Short Bio: Douglas Dow is a Professor in Business Strategy and a founding member of the Centre for the Practice of International Trade at the Melbourne Business School (MBS), a subsidiary of the University of Melbourne. He has also been a Director on the Board of MBS for 8 years, and served as the Head of Department from 2013 to 2016.
Douglas has published extensively in a number of journals ranging from the Journal of International Business Studies (JIBS), the Journal of International Marketing (JIM), the Journal of Management, the Global Strategy Journal, the Journal of International Management, Management International Review, and the International Business Review. His research has primarily focused on the impact of psychic distance (both perceived distance and various psychic distance stimuli) on international business decisions such as market choice, entry mode choice, product standardization, international alliances, and firm performance. More recently, he has expanded his interests to include the role of within-country diversity and nationalism in such decisions.
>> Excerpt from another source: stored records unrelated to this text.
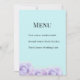 Complement your reception table scape with these exquisite lavender rose menu cards. Featuring a serene light blue background, the delicate watercolor florals provide a refreshing and sophisticated frame for your wedding meal details. This design is perfect for a spring garden wedding, an elegant tea party, or a classic floral-themed celebration, ensuring your guests have a beautiful guide to the evening's culinary offerings.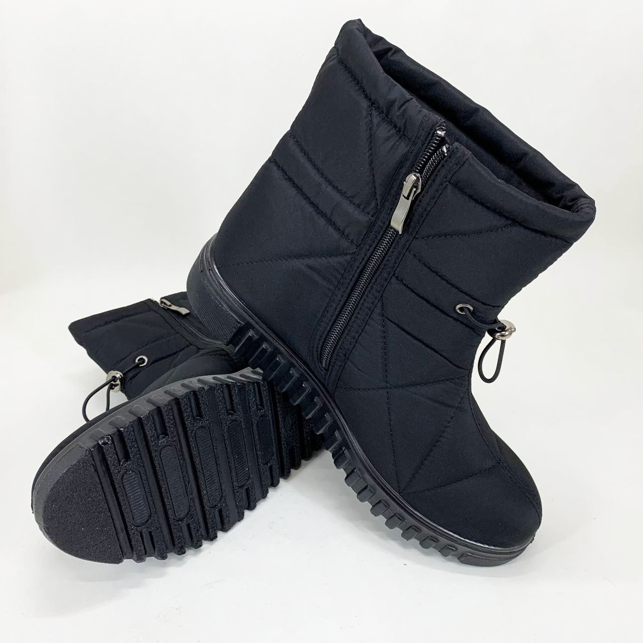 Ці жіночі утеплені черевики — ідеальний варіант для комфортної зими. Завдяки сучасному дизайну з геометричною прострочкою, модель виглядає стильно та гармонійно поєднується як з повсякденним одягом, так і з верхнім зимовим гардеробом. Матова поверхня з легким блиском додає елегантності, а декоративна стяжка робить взуття візуально витонченішим.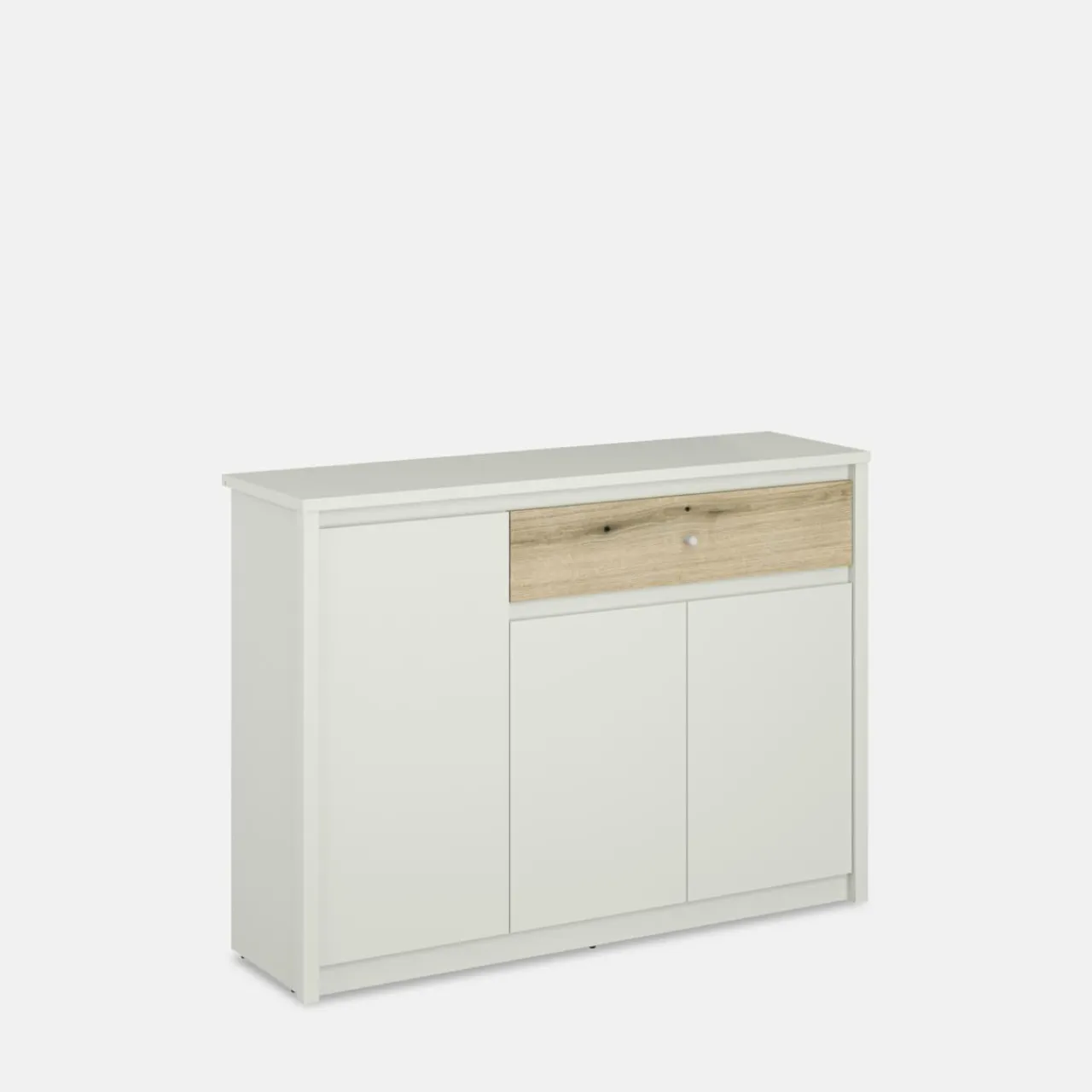 Komoda KARIN sprawdzi się zarówno w jadalni, ale również pokoju dziennym i sypialni. W 3 szafkach przechowasz różne, większe przedmioty — naczynia, tekstylia domowe czy pościel.

In August 2019 Douglas’ 2000 JIM article was awarded the Hans Thorelli Prize from the American Marketing Association for “the article that has made the most significant and long-term contribution to international marketing theory or practice that was published five or more years ago”. In addition to that, in June 2019, he was one of just over 100 academics awarded a Silver Medal for lifetime contributions to JIBS to celebrate the journal’s Silver Jubilee. Douglas is also a Consulting Editor for JIBS, and is on the editorial Board of four other journals.